Advancing the Center for Health, Intervention, and Prevention (CHIP)’s mission to contribute to policy and guidelines based on behavioral science, K. Rivet Amico, a CHIP principal investigator and research scientist II, served as a panel member on the recently released “International Guidelines for Entry Into and Retention in HIV Care and for Adherence to Antiretroviral Therapy.” Amico led the section of these guidelines focused on education and counseling approaches to promote adherence to HIV medications for the general clinic population.
The International Association of Physicians in AIDS Care (IAPAC) guidelines were e-published, ahead of print publication, by the Annals of Internal Medicine earlier this week and have since been covered by media outlets including the Body, the Baltimore Sun, and the Voice of America.
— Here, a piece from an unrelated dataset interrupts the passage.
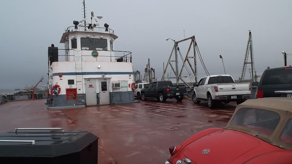Travel day (mostly). It took is an hour and a half to get out of Abbeville LA when we ran into two closed bridges and some detour signs directing us in the wrong direction. But we did finally get to take the scenic route LA-82 along the Gulf coast for about 130 miles (all of what was left of Louisiana). We hopped on a ferry for all of three tenths of a mile, then encountered a few sporadic bursts of heavy rain while being entertained by the waves being whipped up some moderate winds.
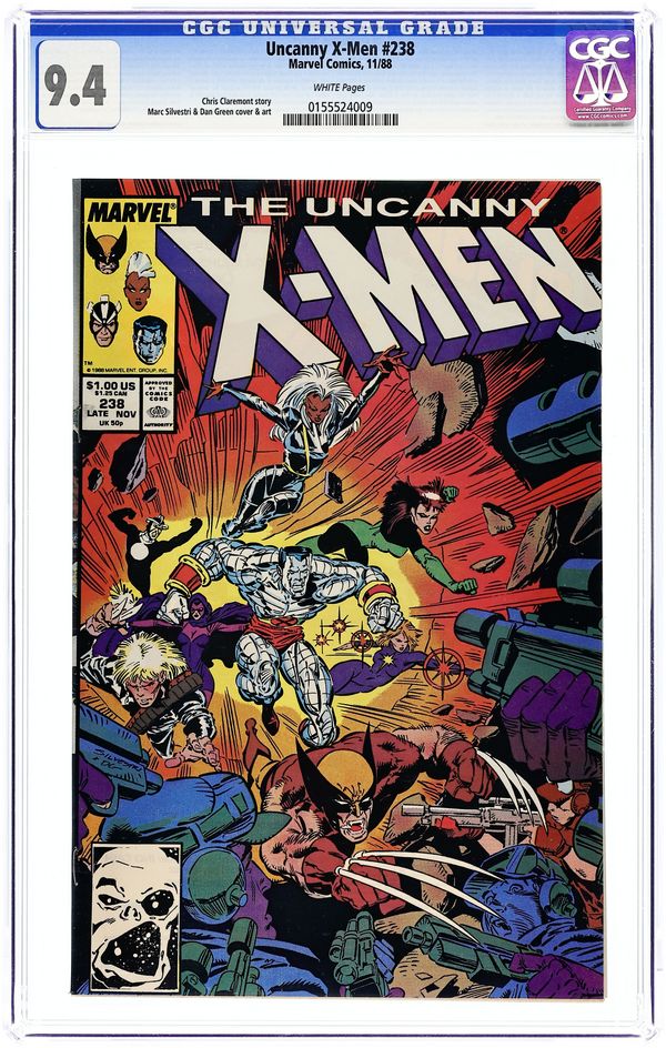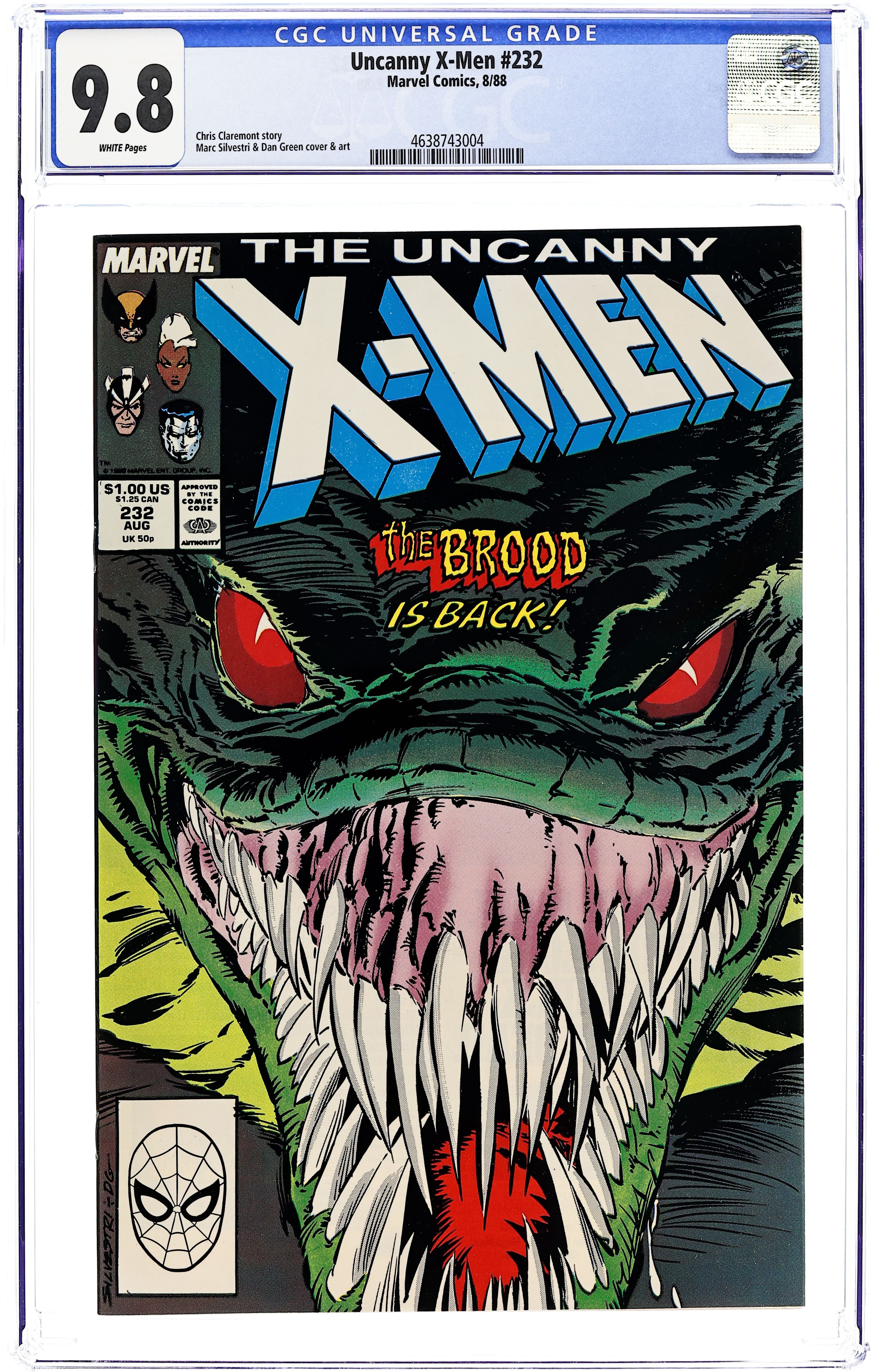 Direct Edition. "Glory Day!" Part 3 of 3. Story by Chris Claremont. Art by Marc Silvestri and Joe Rubinstein. Cover by Marc Silvestri and Dan Green. Don't miss the cataclysmic conclusion to the epic Brood storyline. If the X-Men fall, mankind is doomed! Meanwhile, Madelyne Pryor embraces her dark destiny. 36 pgs. Cover price $1.00.

“For years, supporting adherence to antiretroviral medications has been recognized in treatment guidelines as critical, but, to date, there have been few resources available that provide suggestions that are evidence based for how to do so. These guidelines offer a number of recommendations that have immediate and practical application for providing adherence support for HIV-positive individuals,” Amico said. “Monitoring linkage and retention in care and adherence are also covered in these guidelines, which makes this a comprehensive resource. We are really excited about the potential impact of these guidelines and plan to supplement them with online resources in collaboration with the International Association of Physicians in AIDS Care.”